WHAT THE TASK REQUIRES: Go to the line with "Показываю комнату, в" in the records below, then output it and each following line exactly, up to and including the line with "Dżersejowe legginsy. Wysoki". Skip pictures and add nothing.

*** Opening DATA LISTING ***

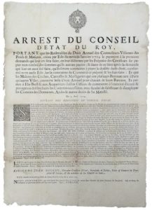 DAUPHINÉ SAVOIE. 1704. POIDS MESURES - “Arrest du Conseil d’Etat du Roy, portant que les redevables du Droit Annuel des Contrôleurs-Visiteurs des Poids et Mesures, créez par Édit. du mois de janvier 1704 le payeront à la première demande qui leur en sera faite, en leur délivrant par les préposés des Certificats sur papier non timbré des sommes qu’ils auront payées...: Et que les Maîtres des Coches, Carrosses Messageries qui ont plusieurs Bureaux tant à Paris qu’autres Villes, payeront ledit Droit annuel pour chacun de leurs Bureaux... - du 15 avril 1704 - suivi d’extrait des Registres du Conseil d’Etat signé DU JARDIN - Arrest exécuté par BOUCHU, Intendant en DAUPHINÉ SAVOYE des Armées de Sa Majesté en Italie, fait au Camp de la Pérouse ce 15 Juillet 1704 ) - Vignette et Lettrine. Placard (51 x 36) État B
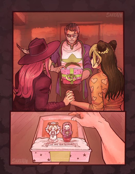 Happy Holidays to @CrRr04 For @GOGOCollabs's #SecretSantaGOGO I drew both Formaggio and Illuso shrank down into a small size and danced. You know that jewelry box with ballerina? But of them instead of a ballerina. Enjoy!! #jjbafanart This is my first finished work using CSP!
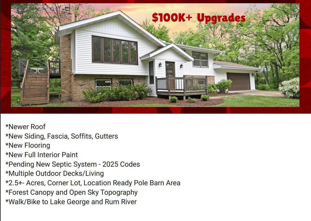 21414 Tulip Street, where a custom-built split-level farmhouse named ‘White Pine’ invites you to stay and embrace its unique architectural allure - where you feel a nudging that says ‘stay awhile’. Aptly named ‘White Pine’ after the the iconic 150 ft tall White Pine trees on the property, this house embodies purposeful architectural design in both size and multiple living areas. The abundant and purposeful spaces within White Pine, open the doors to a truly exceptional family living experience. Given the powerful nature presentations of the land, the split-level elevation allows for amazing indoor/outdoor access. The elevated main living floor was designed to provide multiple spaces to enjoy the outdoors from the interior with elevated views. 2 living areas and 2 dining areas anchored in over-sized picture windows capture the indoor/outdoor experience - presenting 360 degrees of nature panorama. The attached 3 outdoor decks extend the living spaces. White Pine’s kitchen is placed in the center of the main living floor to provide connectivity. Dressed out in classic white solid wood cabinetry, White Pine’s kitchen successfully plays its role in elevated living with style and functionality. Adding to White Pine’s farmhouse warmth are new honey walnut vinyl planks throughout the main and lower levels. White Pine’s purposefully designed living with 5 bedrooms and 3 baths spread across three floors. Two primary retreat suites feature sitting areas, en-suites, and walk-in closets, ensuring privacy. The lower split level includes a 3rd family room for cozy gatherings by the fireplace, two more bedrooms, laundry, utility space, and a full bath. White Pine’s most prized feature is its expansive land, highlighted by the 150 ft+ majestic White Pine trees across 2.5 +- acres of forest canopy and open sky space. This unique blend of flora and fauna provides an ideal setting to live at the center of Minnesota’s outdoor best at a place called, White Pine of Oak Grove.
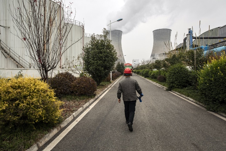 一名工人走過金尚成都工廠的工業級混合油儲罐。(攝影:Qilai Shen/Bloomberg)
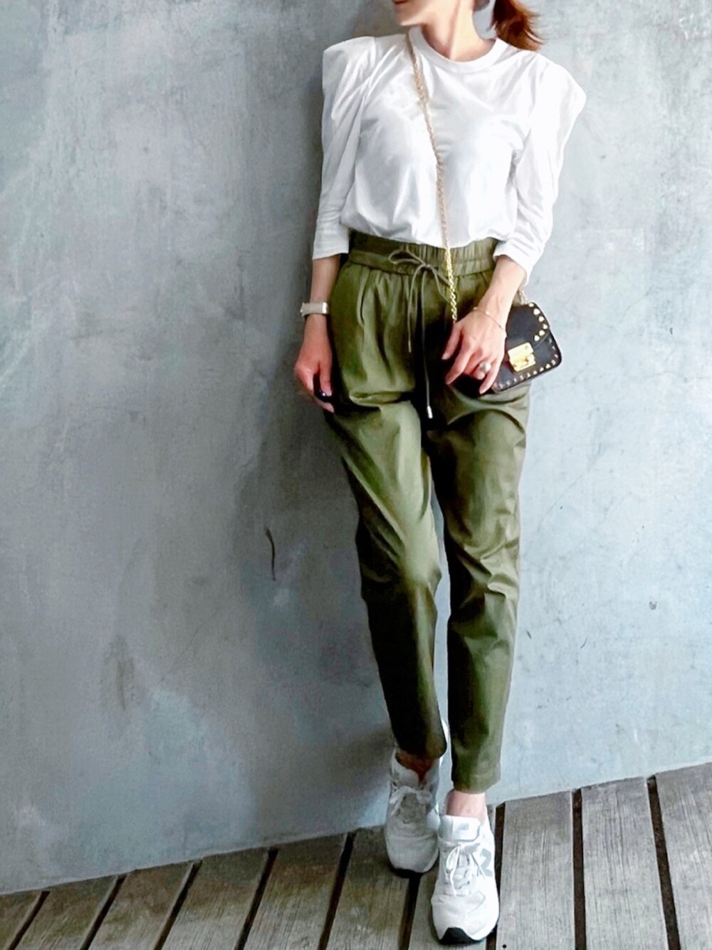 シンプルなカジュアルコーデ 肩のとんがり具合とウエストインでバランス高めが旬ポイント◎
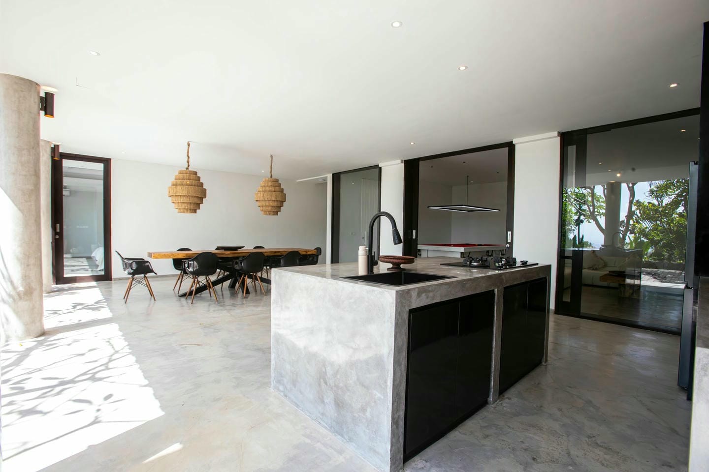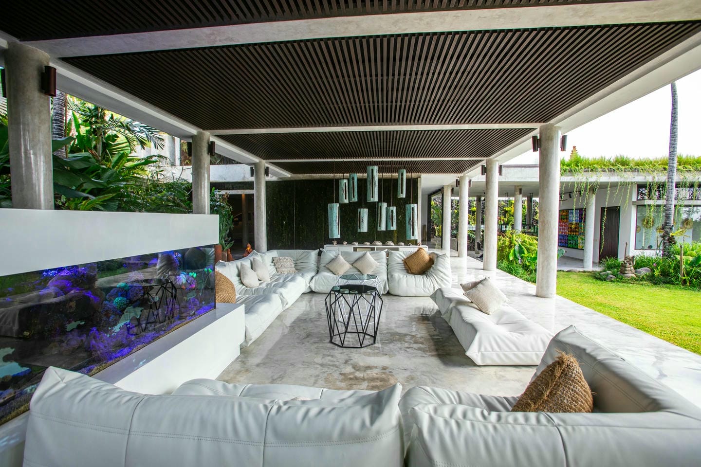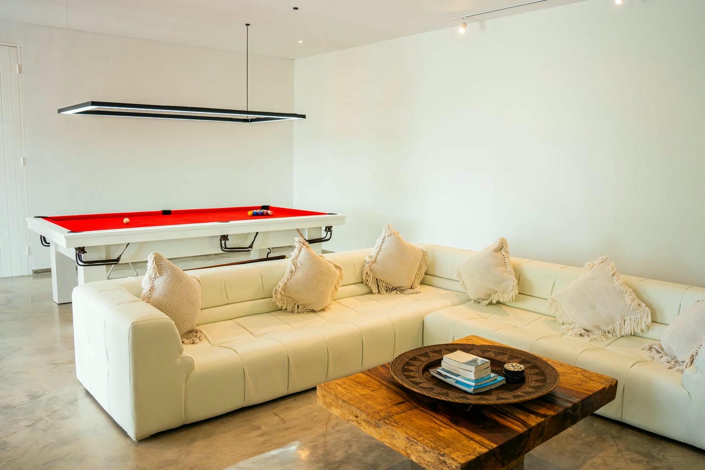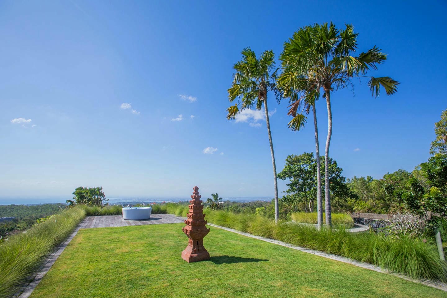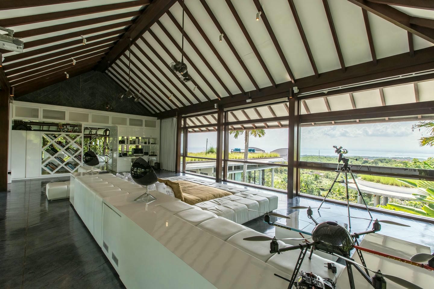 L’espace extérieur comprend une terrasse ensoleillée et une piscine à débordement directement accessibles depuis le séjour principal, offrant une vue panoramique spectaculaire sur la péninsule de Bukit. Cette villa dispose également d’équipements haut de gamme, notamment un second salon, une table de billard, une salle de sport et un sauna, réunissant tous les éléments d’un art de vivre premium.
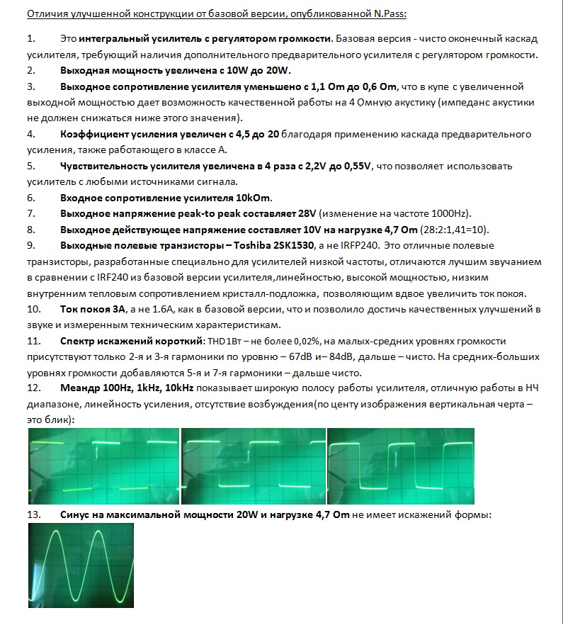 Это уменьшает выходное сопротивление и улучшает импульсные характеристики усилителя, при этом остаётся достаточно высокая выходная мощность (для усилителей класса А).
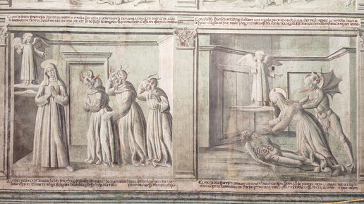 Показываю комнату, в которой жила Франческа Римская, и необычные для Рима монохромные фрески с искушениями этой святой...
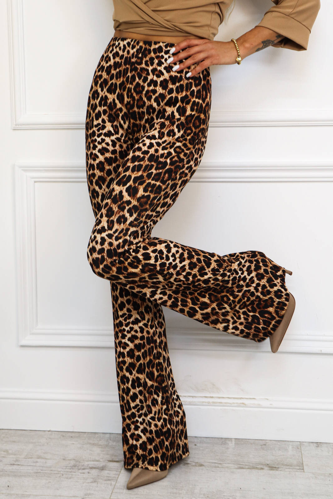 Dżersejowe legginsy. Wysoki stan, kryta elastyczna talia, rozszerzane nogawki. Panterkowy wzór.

*** Closing DATA LISTING ***
*** Opening DATA LISTING ***

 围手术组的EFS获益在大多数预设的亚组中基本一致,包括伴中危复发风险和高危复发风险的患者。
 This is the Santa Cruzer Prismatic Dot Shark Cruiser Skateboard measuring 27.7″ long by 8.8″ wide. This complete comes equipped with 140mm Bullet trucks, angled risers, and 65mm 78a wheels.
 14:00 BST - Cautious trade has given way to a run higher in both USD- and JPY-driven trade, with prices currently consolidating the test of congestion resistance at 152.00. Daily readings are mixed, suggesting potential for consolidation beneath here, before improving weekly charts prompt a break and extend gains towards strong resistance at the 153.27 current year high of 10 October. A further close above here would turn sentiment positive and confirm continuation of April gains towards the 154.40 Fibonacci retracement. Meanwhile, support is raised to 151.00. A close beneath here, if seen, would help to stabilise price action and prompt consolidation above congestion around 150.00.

*** Closing DATA LISTING ***

THE ANSWER:
 Показываю комнату, в которой жила Франческа Римская, и необычные для Рима монохромные фрески с искушениями этой святой...
 Dżersejowe legginsy. Wysoki stan, kryta elastyczna talia, rozszerzane nogawki. Panterkowy wzór.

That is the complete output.